■ **Work instruction**: The lines below from the one with "套餐B:包括a套餐所有服务4" up to and including the one with "Carte postale présentant" are what you should set down, exactly and without pictures.

■ **Materials provided**:
· · ·

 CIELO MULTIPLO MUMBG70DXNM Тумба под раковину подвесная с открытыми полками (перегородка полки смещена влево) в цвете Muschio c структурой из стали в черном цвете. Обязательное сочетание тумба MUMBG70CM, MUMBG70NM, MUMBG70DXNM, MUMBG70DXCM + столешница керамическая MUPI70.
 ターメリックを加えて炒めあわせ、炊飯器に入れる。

· · ·

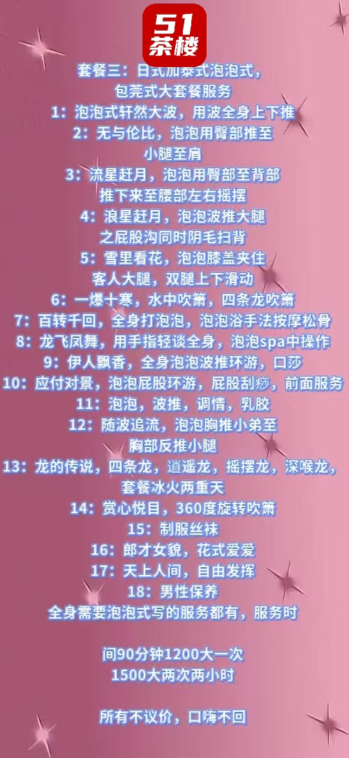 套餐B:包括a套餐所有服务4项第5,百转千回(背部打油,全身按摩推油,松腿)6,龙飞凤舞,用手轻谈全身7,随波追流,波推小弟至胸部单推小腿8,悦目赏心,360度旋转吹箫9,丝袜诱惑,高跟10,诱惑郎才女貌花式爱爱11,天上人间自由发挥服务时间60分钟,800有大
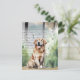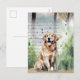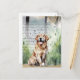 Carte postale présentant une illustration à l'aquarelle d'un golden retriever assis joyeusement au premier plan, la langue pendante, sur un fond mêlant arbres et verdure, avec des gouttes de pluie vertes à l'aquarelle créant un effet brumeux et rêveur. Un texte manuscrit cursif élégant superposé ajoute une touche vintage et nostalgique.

· · ·

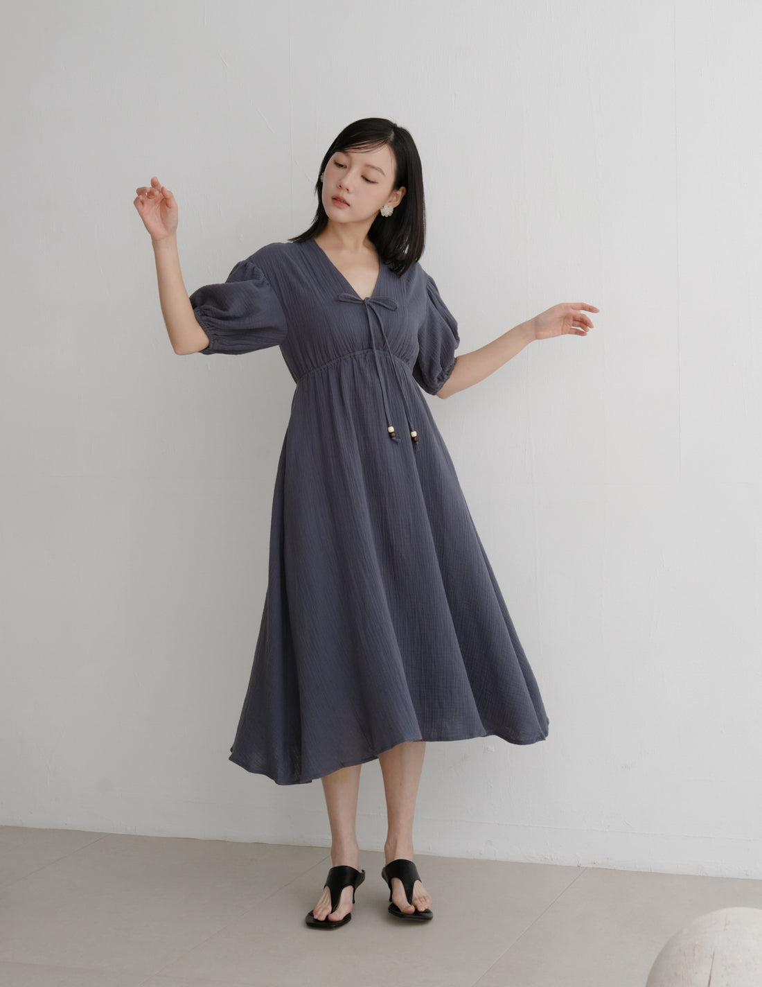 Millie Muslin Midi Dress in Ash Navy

· · ·

■ **Result below**:
 套餐B:包括a套餐所有服务4项第5,百转千回(背部打油,全身按摩推油,松腿)6,龙飞凤舞,用手轻谈全身7,随波追流,波推小弟至胸部单推小腿8,悦目赏心,360度旋转吹箫9,丝袜诱惑,高跟10,诱惑郎才女貌花式爱爱11,天上人间自由发挥服务时间60分钟,800有大
 Carte postale présentant une illustration à l'aquarelle d'un golden retriever assis joyeusement au premier plan, la langue pendante, sur un fond mêlant arbres et verdure, avec des gouttes de pluie vertes à l'aquarelle créant un effet brumeux et rêveur. Un texte manuscrit cursif élégant superposé ajoute une touche vintage et nostalgique.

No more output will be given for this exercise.